Essential Safety Tips to Follow When You Hike

Hiking is an excellent way to get exercise and fresh air this summer. It’s critical to be safe when you hit the trails. Follow these essential safety tips when you hike for a safe and fun time for everyone. 

Plan Your Hike

The first step to planning a safe hiking adventure is knowing your limitations. Select a hike that is the proper distance and difficulty for your skill level. Most people hike an average distance of 1.5 to 3 miles an hour. Hiking speed depends on your fitness level, the terrain, elevation changes, and how much weight you’re carrying.

Want to plan to hike for an hour? Find an easy to moderate hike that is somewhere around two miles long. Keep in mind that young children will typically meander at a much slower speed. Also, it’s a good idea to print out or bring a photo of the trail map in case there isn’t one available at the trailhead. 

Before Heading Out

Check the weather before embarking on your trip. Summertime can mean afternoon thunderstorms, which you don’t want to experience in the woods. Rain the night before may leave trails wet and slippery. Read trail reviews to find out if it’s worth waiting until the trails dry out if it’s prone to getting muddy.

It’s always safer to hike with another adult, so find a friend to come along. Inform someone at home of your plan and let them know where you are going and when you plan to be back. Then, they know where to start looking if something happens to you.
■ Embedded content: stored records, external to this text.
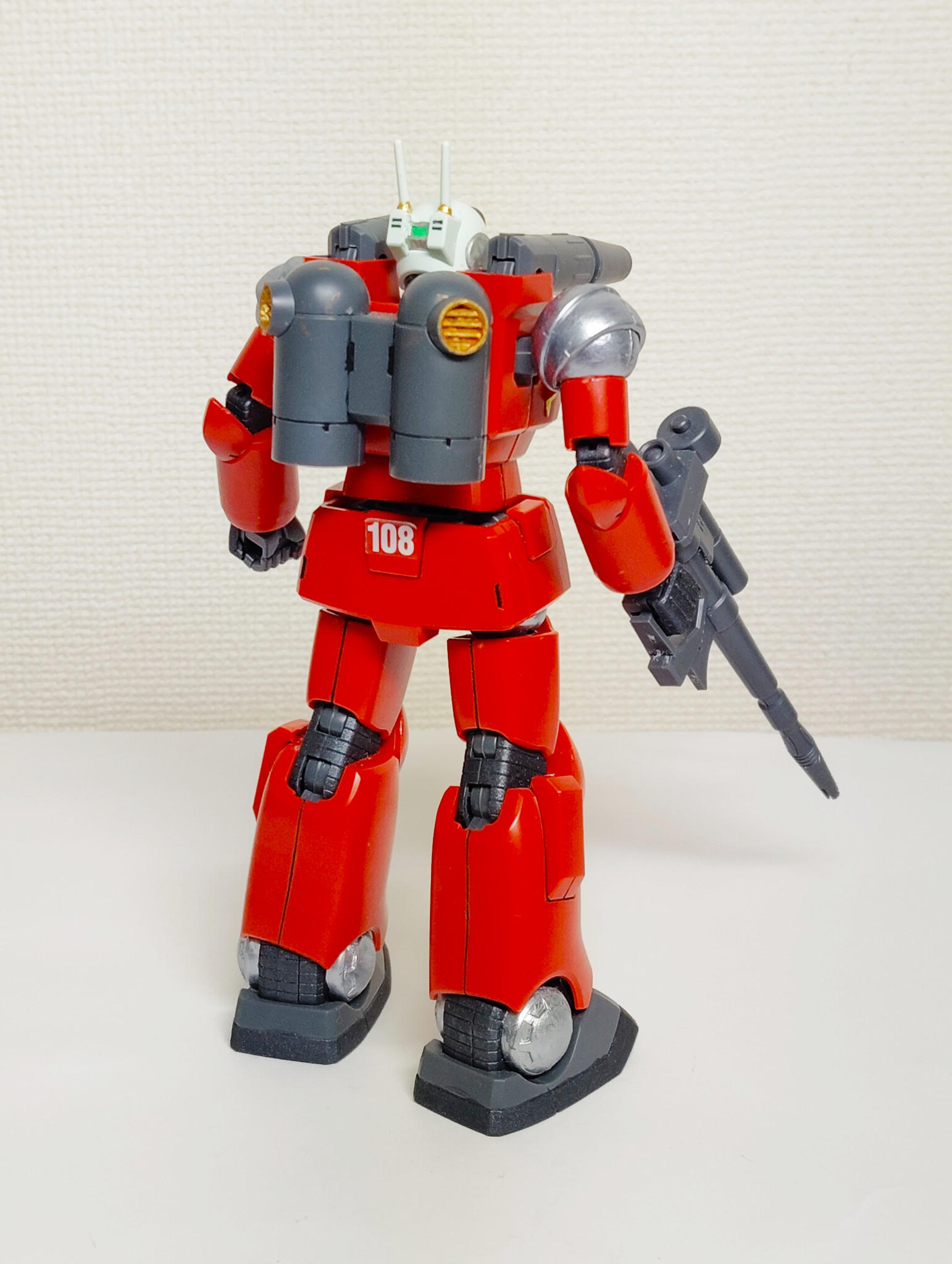 球形の関節部はメタリック・シルバーで、アクリルガッシュの黒の艶消しが墨入れ部を引き締める。赤・黄・黒がいい塩梅で形作る。昭和ロボット侮りがたし!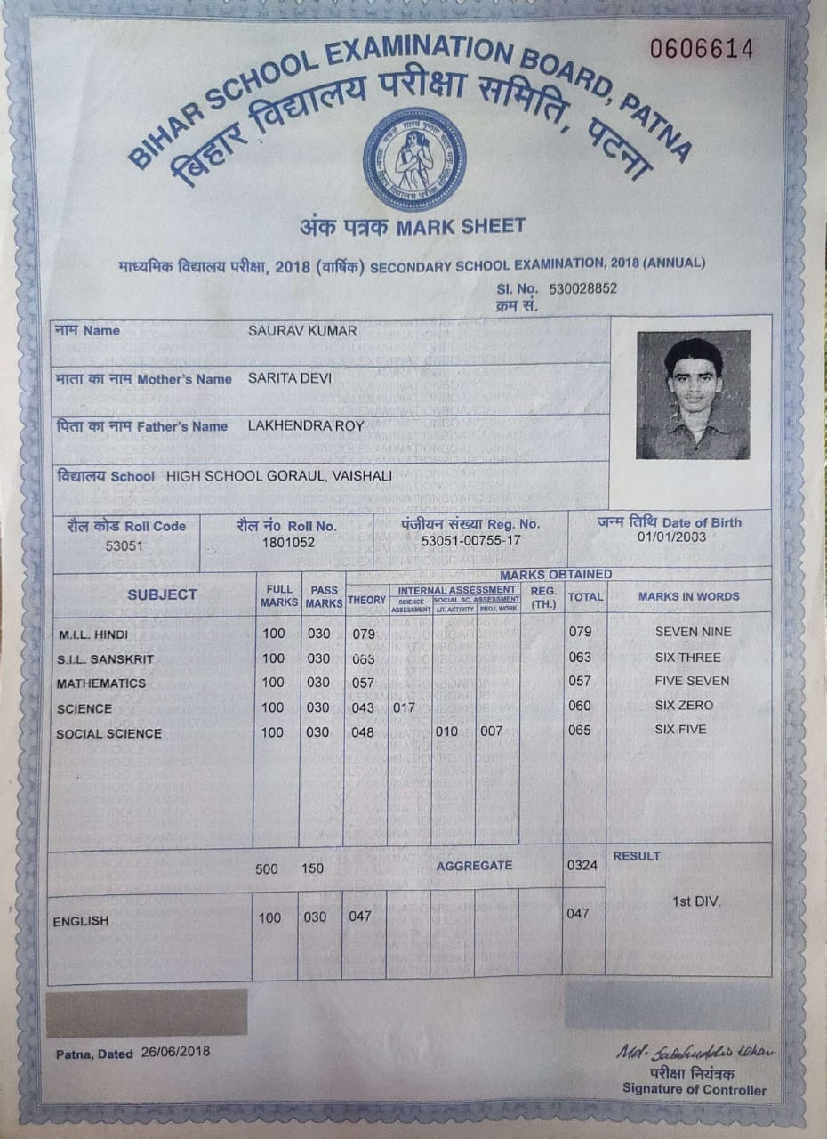 | Exam | Full Marks | Pass Marks | Marks Obtained |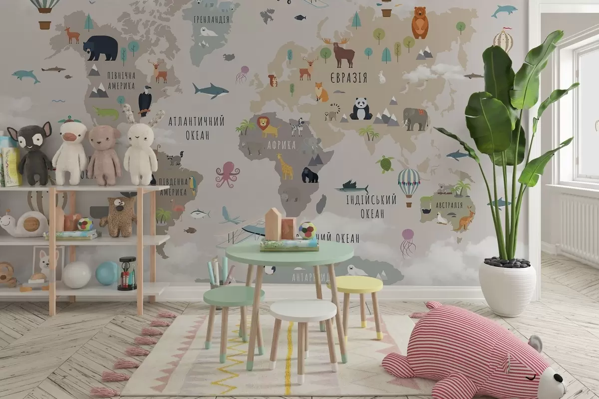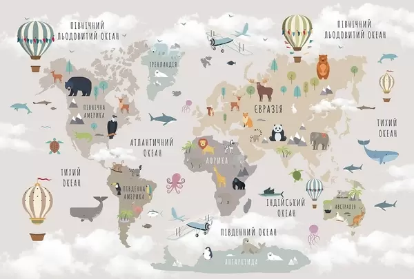 Тапете за зид Дечја мапа света са животињама и балонима на врући ваздух. Украјински језик. бр. c00002uk
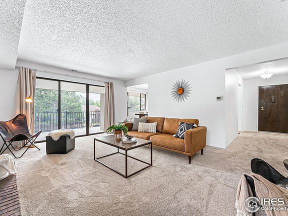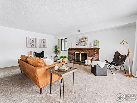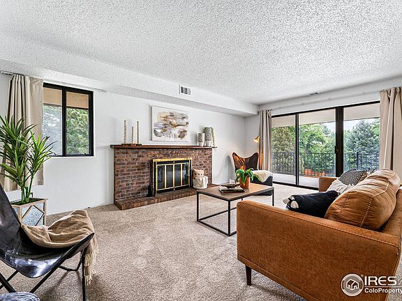 Welcome to your move-in ready, Boulder base camp, complete with dedicated covered parking, an in-unit laundry room, and central AC. The neighborhood boasts gorgeous mountain views and the lush ground afford a serene yet convenient lifestyle. This desirable end unit features many windows that provide natural light and a tree-house vibe. Having the largest one-bedroom layout in the complex allows for functional spaces and ample closets to store your gear. The updated kitchen, equipped with stainless steel appliances, opens to a formal dining area and a spacious living room with a wood-burning fireplace. The private primary bedroom and full updated bathroom gives you a sense privacy and comfort. Step out onto your oversized covered balcony to enjoy your very own outdoor oasis, or enjoy a relaxing visit to the community pool. This prime location provides you quick access to explore nearby trails, local eateries and shops, plus an easy commute via nearby US-36 to Denver. Great option for your next home or investment property at an affordable price point in Boulder, ready to go with a fresh coat of paint and brand new carpet!

Make sure you’re properly hydrated before starting your hike. Dehydration can lead to dizziness, fatigue, and cramps, making it more challenging to hike safely. Also, be sure to pack a backpack with any needed supplies. 

Bring the Right Supplies

Preparing for your hike with the right equipment will also prevent or prepare you for any safety issues. Sturdy shoes are a must! Rugged terrain and improper footwear are a recipe for falls and sprained ankles. Apply sunblock to prevent burns and bug spray to keep away mosquitos, ticks, and other insects. 

Be prepared for all weather conditions. Bring layers because the weather can change quickly, and you don’t want to be caught unprepared. If rain is likely, pack a raincoat and an extra pair of socks. 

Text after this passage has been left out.